With Bome Integration:
Option+Control+D = Deactivate Track AND DISABLE INSTANCE ON VEPro Server
-----------------------
Normal Shortcut:
Option+A = Activate track. This will currently activate the plugins ONLY.

With Bome Integration:
Option+Control+A = Activate Track WITH VEPRO INSTANCE DISABLED
-----------------------
Normal Shortcut:
Option+F = Freeze Instrument on Track. This will currently activate the plugins ONLY.

With Bome Integration:
Option+Control+F = Freeze Instrument on Track WITH VEPRO INSTANCE DISABLED
-----------------------
Normal Shortcut:
Option+Shift+F = Freeze All Plugins on Track. This will currently activate the plugins ONLY.

 With Bome Integration:
Option+Control+Shift+F = Freeze All Plugins on Track WITH VEPRO INSTANCE DISABLED
-----------------------
Option+X = Super Deactivate: Similar to normal Deactivate Track, but also mutes the track and mutes the sends. This helps decrease CPU usage. This will currently activate the plugins ONLY.

With Bome Integration:
Option+Control+X = Super Deactivate Track WITH VEPRO INSTANCE DISABLED
-----------------------

Notes: If Bome is activated with the OTR Project file that is properly set up with your devices, then OTR shortcuts should operate as discussed above. 

++++++++++++++++++++++++++++++++
++++++++Revised Shortcuts:++++++
++++++++++++++++++++++++++++++++
- Option+X is no longer used to toggle Reaper Auto Crossfades. It is now used for Super Deactivate
- Option+C is no longer used to toggle the Big Clock View.
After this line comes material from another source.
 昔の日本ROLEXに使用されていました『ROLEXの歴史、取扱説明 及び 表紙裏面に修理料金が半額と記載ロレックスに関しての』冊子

It now is used to Toggle Reaper Auto Crossfades
- C is no longer used to toggle on/off the SWS Console. C is used to toggle ON/OFF the Big Clock.
- Removed Marker keyboard shortcuts to not interfere with new Midi Editor View shortcuts


----------



## Chris Richter (Nov 1, 2021)

Wohoo, thank you so much for doing this. I use OTR all the time and can’t wait to dig into the update. 
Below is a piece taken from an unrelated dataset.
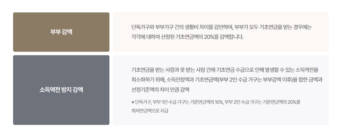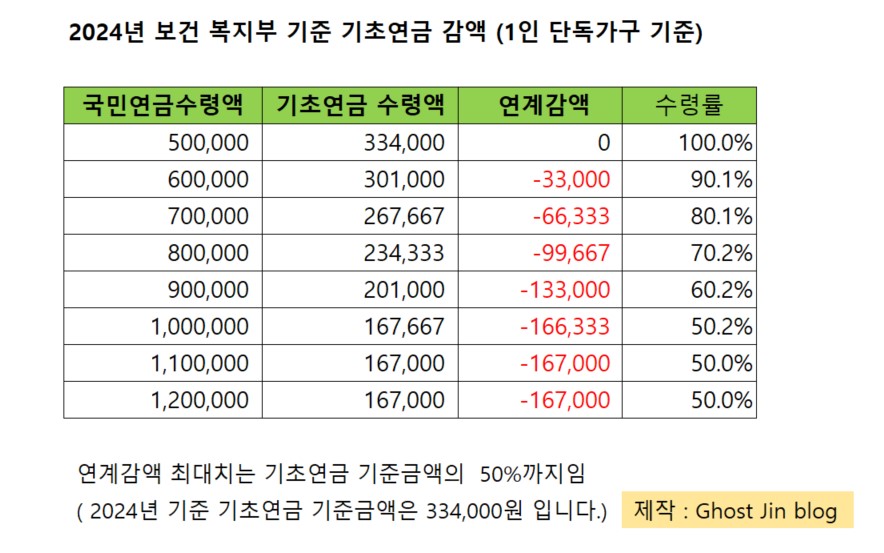 여기서 보듯 최대치로 감액된다 하더라도 50%까지인 167,000원을 넘지 않습니다. 다시 말해 국민연금을 아무리 많아 받아도 기본적인 기초연금 수령 자격 조건인 하위 소득 70% 이내에만 들어간다면 최하 기초연금 167,000원을 수령가능하다는 사실입니다. 그러니 굳이 기초연금을 감액 없이 100% 다 받겠다고 국민연금 납부 금액을 줄여봐야 국민연금 + 기초연금 총 수급 최대치가 줄어들 뿐입니다.

This must have been a massive undertaking. I am sure it will give everyone who is thinking about working in Reaper a headstart.
And it’s great that the manual now is back as there’s a lot to take in with OTR 
Well done and thanks again!


----------



## Markrs (Nov 1, 2021)

Wow, that is a huge update and OTR 2 was already amazing. Great work @storyteller


----------



## Ricgus3 (Nov 1, 2021)

Amazing work! How do I update otr? jsut put the folder on the existing one and merge them=?


----------



## storyteller (Nov 1, 2021)

Ricgus3 said:


> Amazing work! How do I update otr? jsut put the folder on the existing one and merge them=?


Thanks!

For the update, you can treat OTR v2.1 as a new portable install in the same way you installed OTRv2. I'd personally suggest keeping your old OTR2 folder just incase you forgot about some modifications you made that you want to transfer over in the future.


----------



## Ricgus3 (Nov 1, 2021)

storyteller said:


> Thanks!
> 
> For the update, you can treat OTR v2.1 as a new portable install in the same way you installed OTRv2. I'd personally suggest keeping your old OTR2 folder just incase you forgot about some modifications you made that you want to transfer over in the future.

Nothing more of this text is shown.